▶ [Data excerpt]
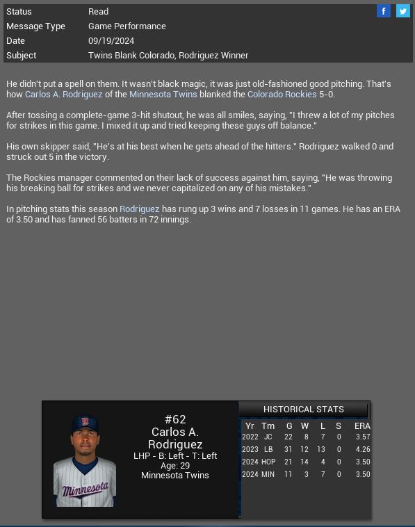 Twins SP Carlos A. Rodriguez pitched a 3 hit 5 K CG SH vs Colorado. A's SP Charles Day pitched a 4 hit CG SH vs San Fran. Bird City rookie SP Bookie Boland pitched a 3 hit 10 K CG SH vs Delgado. Panasonic SP Scott Norris pitched a 3 hit 3 K CG SH vs Colortown.
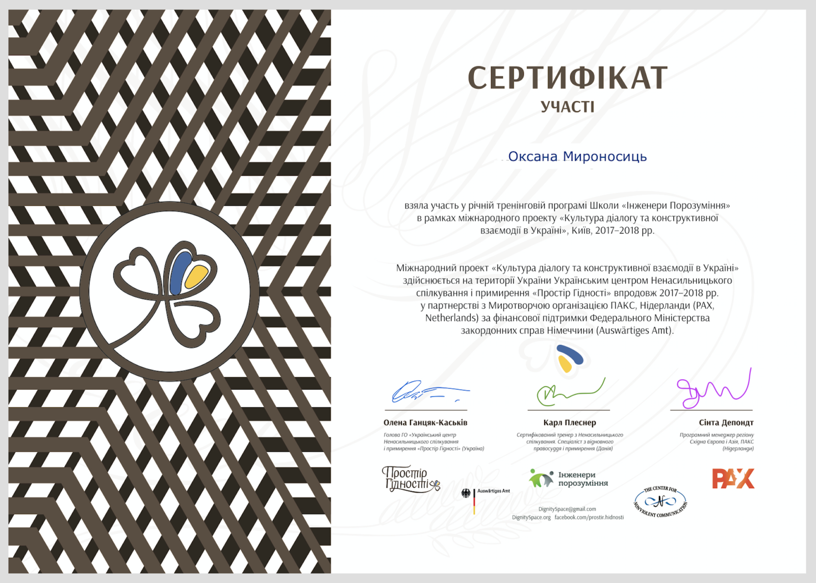 Приклад сертифікату участі у Школі Інженерів Порозуміння
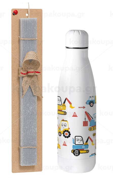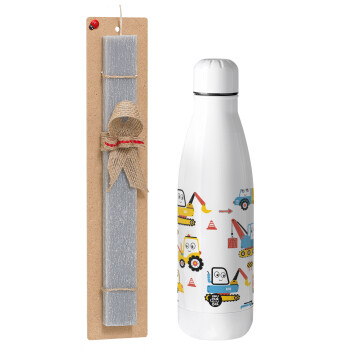 Hand drawing building truck, Easter Set, metallic stainless thermos bottle (500ml) & scented flat Easter candle (30cm) (GRAY)

▶ [What is expected] What is needed is an exact copy of the lines from the beginning of the data through the line containing "Приклад сертифікату участі", both included, without any pictures.

▶ [Output of the exercise]
 Twins SP Carlos A. Rodriguez pitched a 3 hit 5 K CG SH vs Colorado. A's SP Charles Day pitched a 4 hit CG SH vs San Fran. Bird City rookie SP Bookie Boland pitched a 3 hit 10 K CG SH vs Delgado. Panasonic SP Scott Norris pitched a 3 hit 3 K CG SH vs Colortown.
 Приклад сертифікату участі у Школі Інженерів Порозуміння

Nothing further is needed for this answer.